Marshall Wallace F
Department of Biochemistry and Biophysics, Integrative Program in Quantitative Biology, University of California San Francisco, San Francisco, California, United States of America.
PLoS Comput Biol. 2008 Sep 19;4(9):e1000183. doi: 10.1371/journal.pcbi.1000183.

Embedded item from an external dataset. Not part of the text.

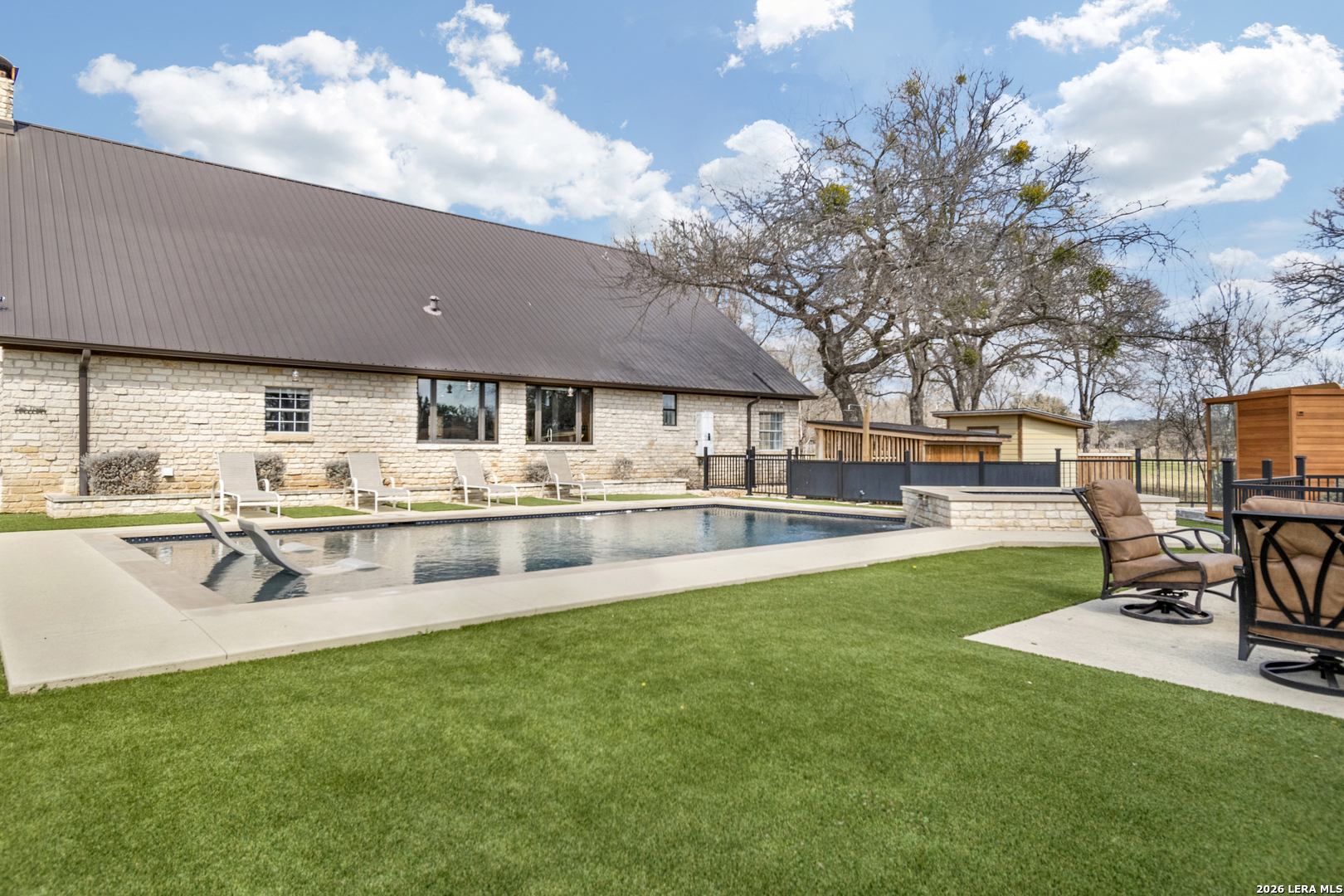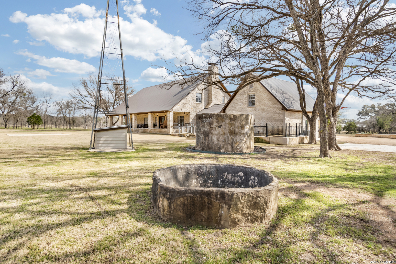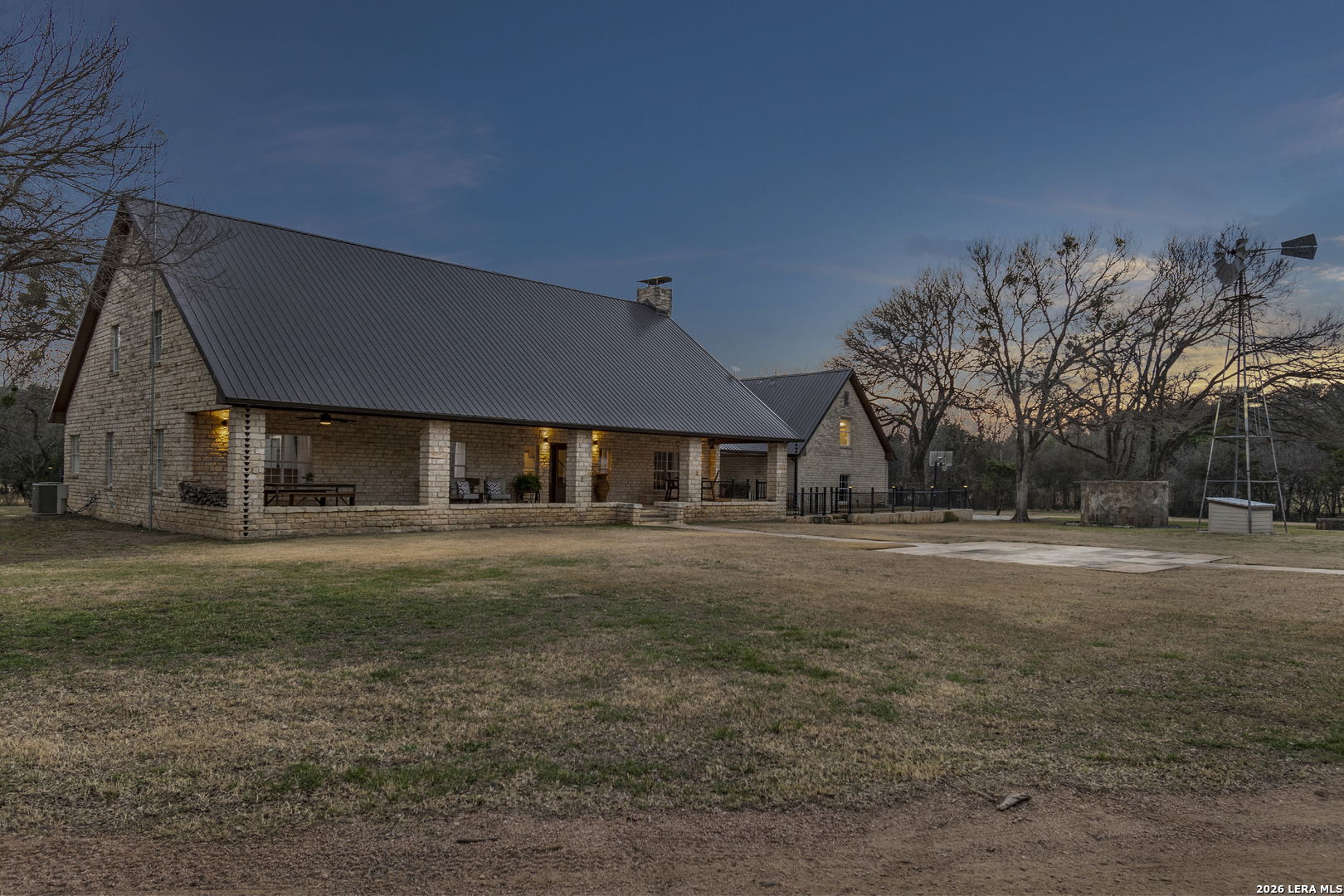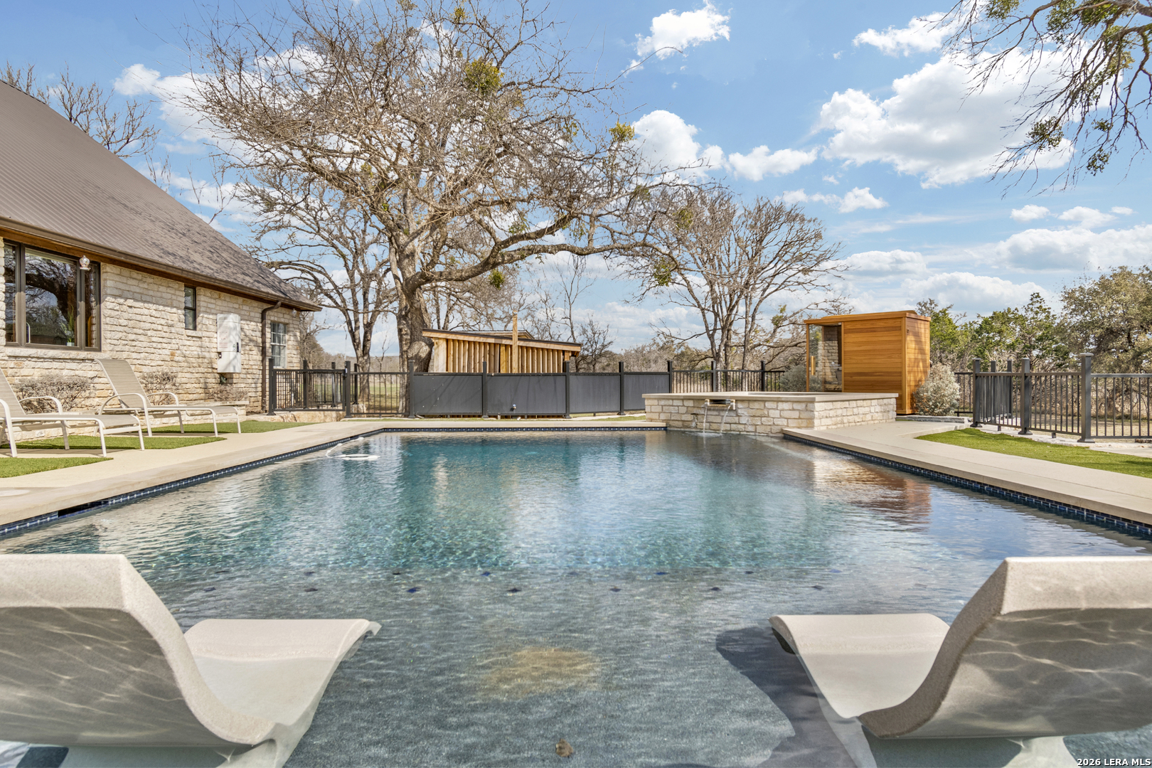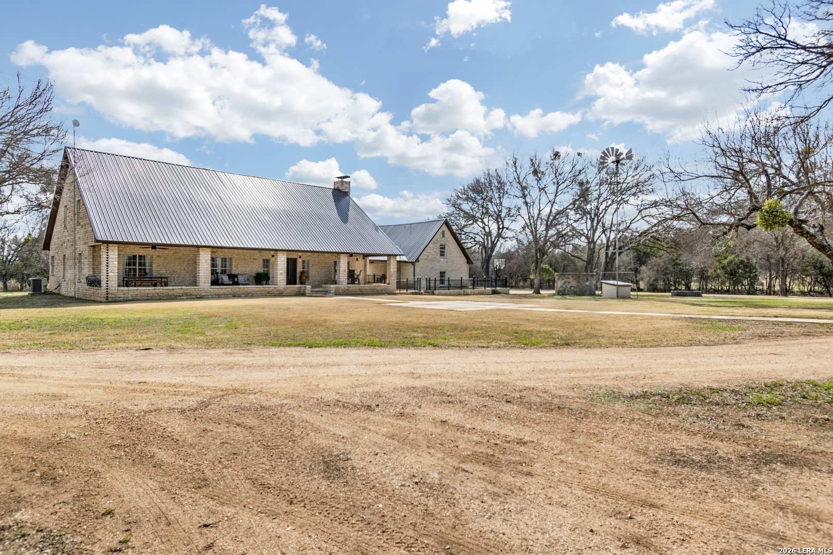 At the end of a quiet cul-de-sac, a secure privacy fence welcomes you to this stunning estate. Entering, you're greeted by a timeless windmill, a nod to the land's heritage and the old wagon trail that once crossed here. Set on nearly seven oak-studded acres, this all-stone Hill Country estate has been thoughtfully updated throughout. Custom cabinetry enhances nearly every space in the home, which features 3 bedrooms and 31/2 baths. The kitchen, overlooking the pool, boasts electric blinds, high-end appliances, a premium range with double ovens, and a built-in espresso machine, a chef's dream. On the west end, the private office features a fireplace and a floor-to-ceiling custom cabinet system, plus a Murphy bed for guests. Step outside to discover a private retreat with a 2020-built pool, hot tub,and sauna, all surrounded by low-maintenance turf. An expansive front porch and charming breezeway provide perfect spots for relaxation, while a half-court basketball area offers fun for all. Separate from the main home is a dedicated game room and a private studio apartment with 1 bedroom and 1 bath. The barndominium includes imported Italian laminate flooring, 1 bedroom, 11/2 baths, and a laundry room for guests. Upstairs, a flex space awaits. The impressive 40x40 storage/shop area with epoxy-finished floors is on the north end of the barndo. A garden area with a tool shed and a large dog run complete this exceptional setting. With most furnishings negotiable, this luxury estate is a true gem.

An important application of the RNA interference (RNAi) pathway is its use as a small RNA-based regulatory system commonly exploited to suppress expression of target genes to test their function in vivo. In several published experiments, RNAi has been used to inactivate components of the RNAi pathway itself, a procedure termed recursive RNAi in this report. The theoretical basis of recursive RNAi is unclear since the procedure could potentially be self-defeating, and in practice the effectiveness of recursive RNAi in published experiments is highly variable. A mathematical model for recursive RNAi was developed and used to investigate the range of conditions under which the procedure should be effective. The model predicts that the effectiveness of recursive RNAi is strongly dependent on the efficacy of RNAi at knocking down target gene expression. This efficacy is known to vary highly between different cell types, and comparison of the model predictions to published experimental data suggests that variation in RNAi efficacy may be the main cause of discrepancies between published recursive RNAi experiments in different organisms. The model suggests potential ways to optimize the effectiveness of recursive RNAi both for screening of RNAi components as well as for improved temporal control of gene expression in switch off-switch on experiments.
RNA干扰(RNAi)途径的一个重要应用是作为一种基于小RNA的调控系统,通常用于抑制靶基因的表达,以在体内测试其功能。在一些已发表的实验中,RNAi已被用于使RNAi途径本身的成分失活,本报告中将此过程称为递归RNAi。递归RNAi的理论基础尚不清楚,因为该过程可能会适得其反,而且在实际操作中,已发表实验中递归RNAi的有效性差异很大。我们开发了一个递归RNAi的数学模型,并用于研究该过程应该有效的条件范围。该模型预测,递归RNAi的有效性强烈依赖于RNAi敲低靶基因表达的效力。已知这种效力在不同细胞类型之间差异很大,将模型预测与已发表的实验数据进行比较表明,RNAi效力的差异可能是不同生物体中已发表的递归RNAi实验之间差异的主要原因。该模型提出了一些潜在方法,可优化递归RNAi的有效性,用于筛选RNAi成分以及在关闭-开启实验中改善基因表达的时间控制。